• **TASK GOAL**
In the reply, give back exactly the lines from the one with "If the driver" through the last line of the records, without pictures.

• **DATASET**
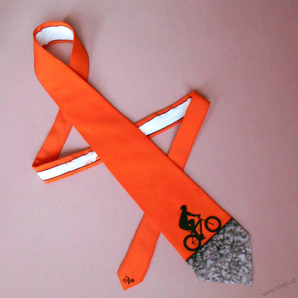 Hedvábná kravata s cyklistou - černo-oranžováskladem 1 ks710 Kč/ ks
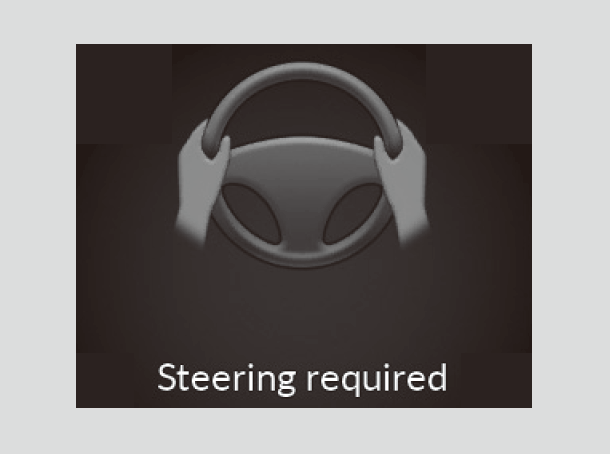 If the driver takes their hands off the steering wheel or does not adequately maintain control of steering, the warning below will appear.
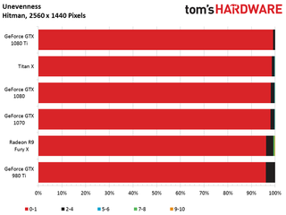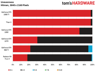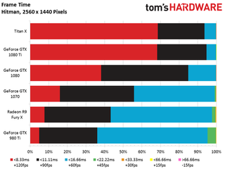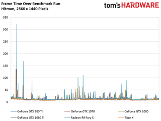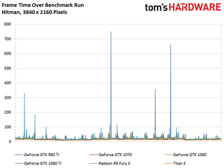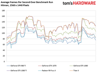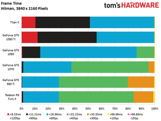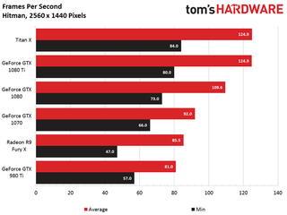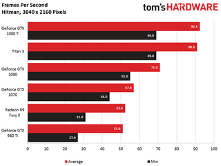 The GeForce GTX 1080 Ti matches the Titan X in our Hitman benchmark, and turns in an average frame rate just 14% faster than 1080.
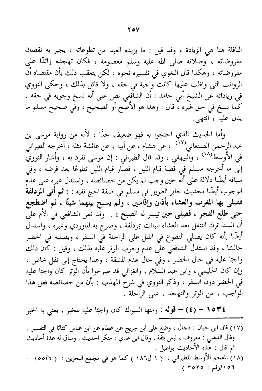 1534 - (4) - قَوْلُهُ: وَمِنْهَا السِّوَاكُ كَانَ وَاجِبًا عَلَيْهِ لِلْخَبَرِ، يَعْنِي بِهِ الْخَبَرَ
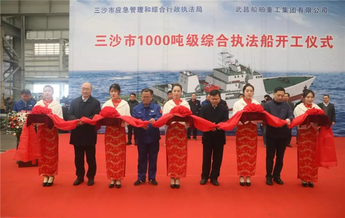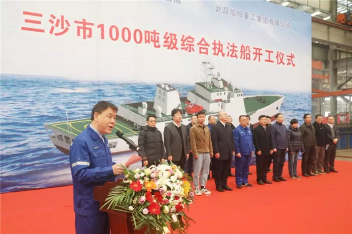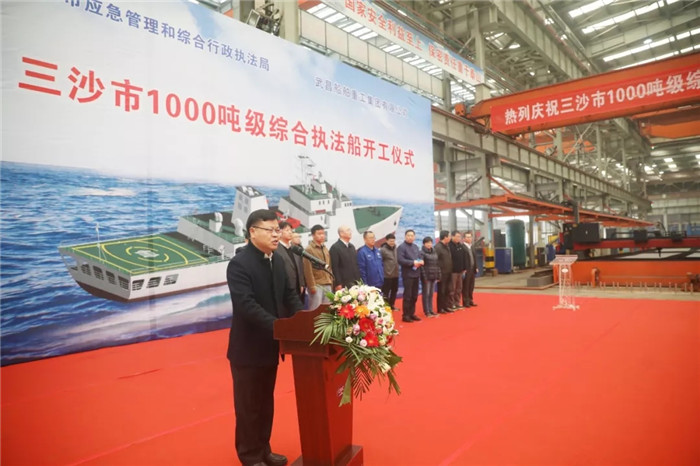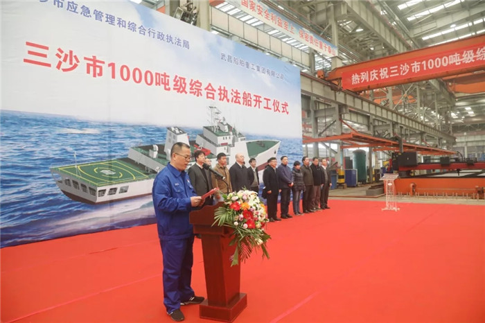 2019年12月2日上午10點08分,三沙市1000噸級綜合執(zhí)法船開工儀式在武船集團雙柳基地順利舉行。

• **RESULT OF THIS EXERCISE**
 If the driver takes their hands off the steering wheel or does not adequately maintain control of steering, the warning below will appear.
 The GeForce GTX 1080 Ti matches the Titan X in our Hitman benchmark, and turns in an average frame rate just 14% faster than 1080.
 1534 - (4) - قَوْلُهُ: وَمِنْهَا السِّوَاكُ كَانَ وَاجِبًا عَلَيْهِ لِلْخَبَرِ، يَعْنِي بِهِ الْخَبَرَ
 2019年12月2日上午10點08分,三沙市1000噸級綜合執(zhí)法船開工儀式在武船集團雙柳基地順利舉行。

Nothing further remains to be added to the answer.